◆ **DIRECTIONS**: Leave the pictures aside. Retype exactly the lines from the top of the data below through the one holding "15. verscheidenheid aan".

◆ **PROVIDED ENTRIES**:
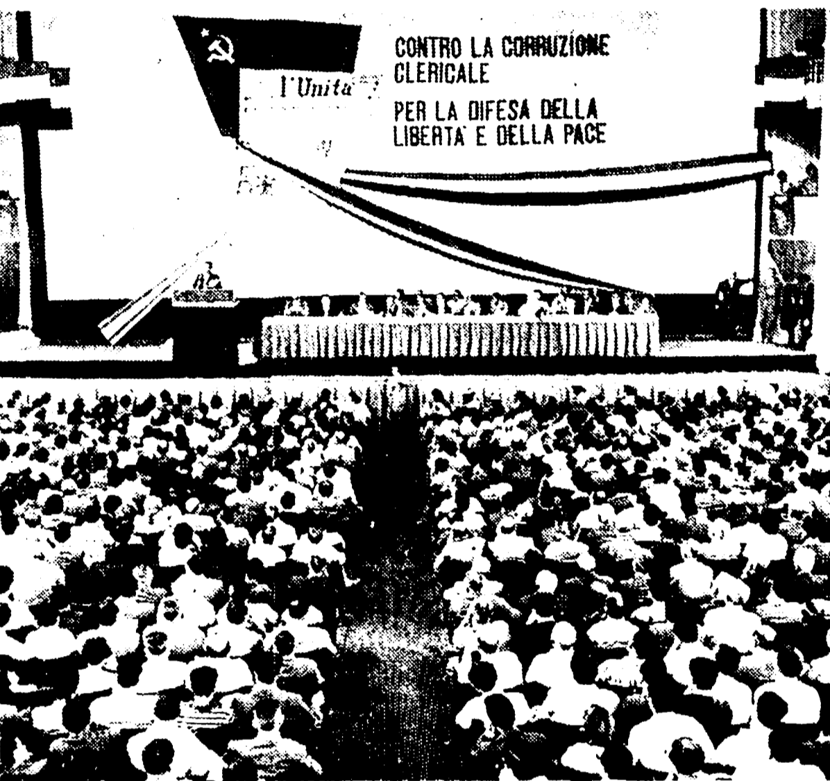
Un aspetto della sala dell'Adriano durante la manifestazione per il Mese della Stampa
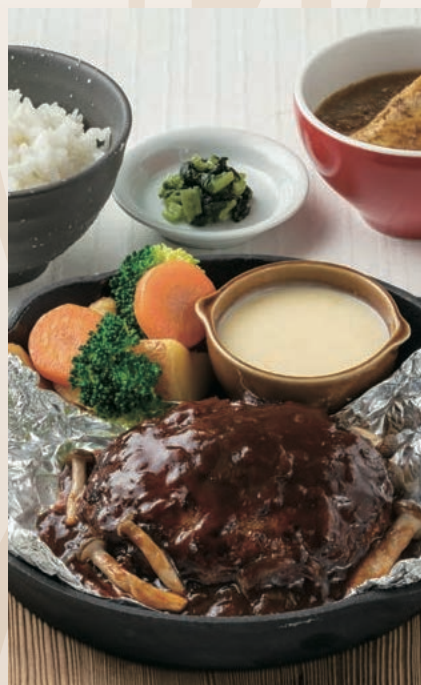
包み焼き“チーズフォンデュ” ハンバーグ定食
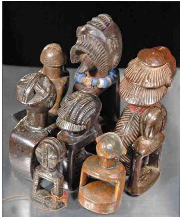
15. verscheidenheid aan kapsels bij een achttal Katatora

De afbeeldingen 2, 4, 5, 6, 7, 8, 9, 11 en 15 zijn foto's, die zijn vervaardigd door de auteur. Deze voorwerpen zijn uit zijn eigen collectie. De afbeeldingen 1, 3, 10, 12 en 14 zijn minder van kwaliteit, doordat dit scans zijn van print-foto's (bewerkt ter vermindering van het printtraject)
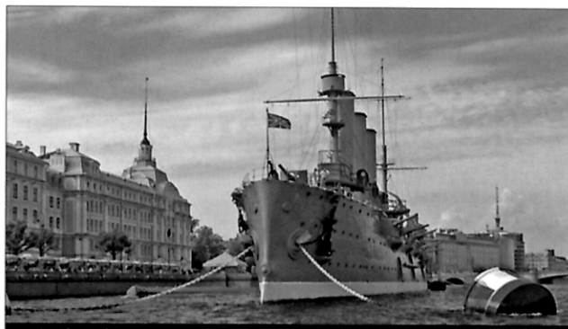
文化博览 俄罗斯海军军官的摇篮——纳西莫夫海军学校

◆ **RESPONSE TO THE TASK**:
Un aspetto della sala dell'Adriano durante la manifestazione per il Mese della Stampa
包み焼き“チーズフォンデュ” ハンバーグ定食
15. verscheidenheid aan kapsels bij een achttal Katatora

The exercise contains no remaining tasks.